How to calculate the final result of the number of flops using nvprof

Hi all,

In my last topic, i tried to calculate the number of flops when executing YOLOv3 TensorRT using the tool trtexec for the inference and using nvprof for the number of flops per kernel, as i said in the topic i metionned above, there was a huge difference in the result of the number of flops between FP32 and FP16 implementation.

The main precision between the two precision mode is the use of TensorCores (h884cudnn) for convolution layers, i am wondering if i have to multiply each number of flops by 8 8 4 for kernels used by TensorCore for the final result ?

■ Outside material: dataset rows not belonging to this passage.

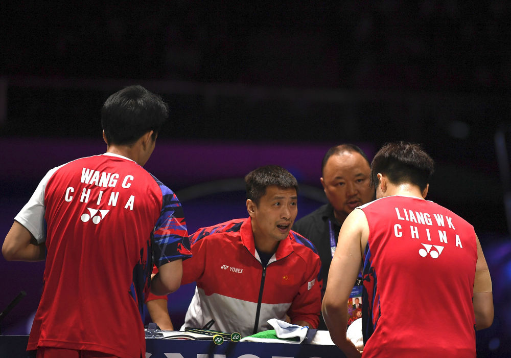 5月4日,中国队教练陈其遒(左二)、中国羽毛球协会主席张军(右二)在比赛间隙指导中国队组合梁伟铿(右一)/王昶。新华社记者 侯昭康 摄
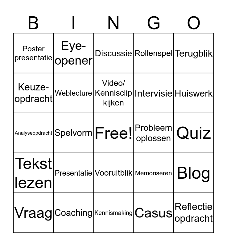 This bingo card has a free space and 39 words: Zoekopdracht, Wikken en wegen, Werkopdracht, Weblecture, Vraag, Vooruitblik, Video/ Kennisclip kijken, Uitleggen, Terugblik, Tekst lezen, Spelvorm, Rollenspel, Reflectie opdracht, Quiz, Probleem oplossen, Presentatie, Praktijk/ werkplek, Poster presentatie, Mindmap, Memoriseren, Keuze-opdracht, Kennismaking, Intervisie, Huiswerk, Groepsopdracht, Foto-opdracht, Focus, Filmen, Feedback, Eye-opener, Evalueren, E-Learning, Discussie, Coaching, Casus, Brainstorm, Blog, Analyseopdracht and Aanpassen.
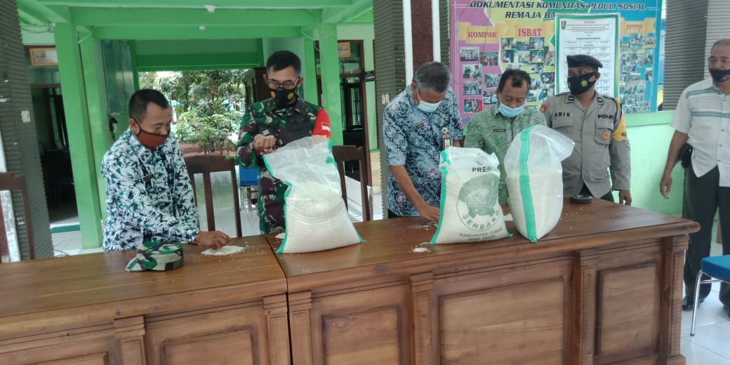 HarianJatim.com Tuban-Bertempat di Pendopo Kecamatan Bangilan Pihak Dinas Sosial yang di pimpin Langsung Oleh PLT Dinas Sosial di dampingi Forkopimca Kecamatan Bangilan mengecek kualitas Komoditi Beras Untuk Program Bantuan Pangan Non Tunai ( BPNT),Kamis (15/10/2020)
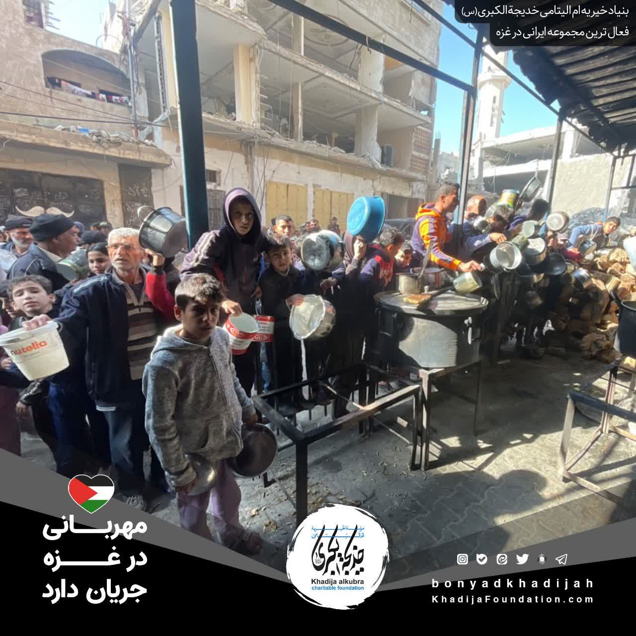 اطعام مردم مظلوم غزه توسط بنیاد خیریه ام‌الیتامی خدیجة الکبری علیها‌السلام، هر روز بدون وقفه انجام می‌گردد.
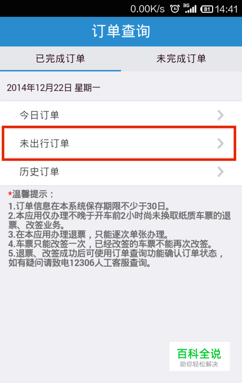 在“未出行订单”界面中,可以“按订票日期查询”或“按乘车日期查询”需要退票的信息。

#flop_count_sp = 50559409362 flops
#flop_count_hp = 0 flops


#flop_count_sp = 40493448 flops
#flop_count_hp = 706028298 flop


Jetpack Version : 4.5.1
Board : NVIDIA Jetson AGX Xavier
TensorRT Version : 7.1.3
GPU Type : Volta 512 CUDA Cores, 64 Tensor Cores
Nvidia Driver Version :
CUDA Version : 10.2
CUDNN Version : 8.0



We are checking the details internally.
Will get back to you later.



Sorry for the late update.
Let’s check this issue on Why the number of flops is different between FP32 and FP16 mode with YOLOv3 TensorRT implementation?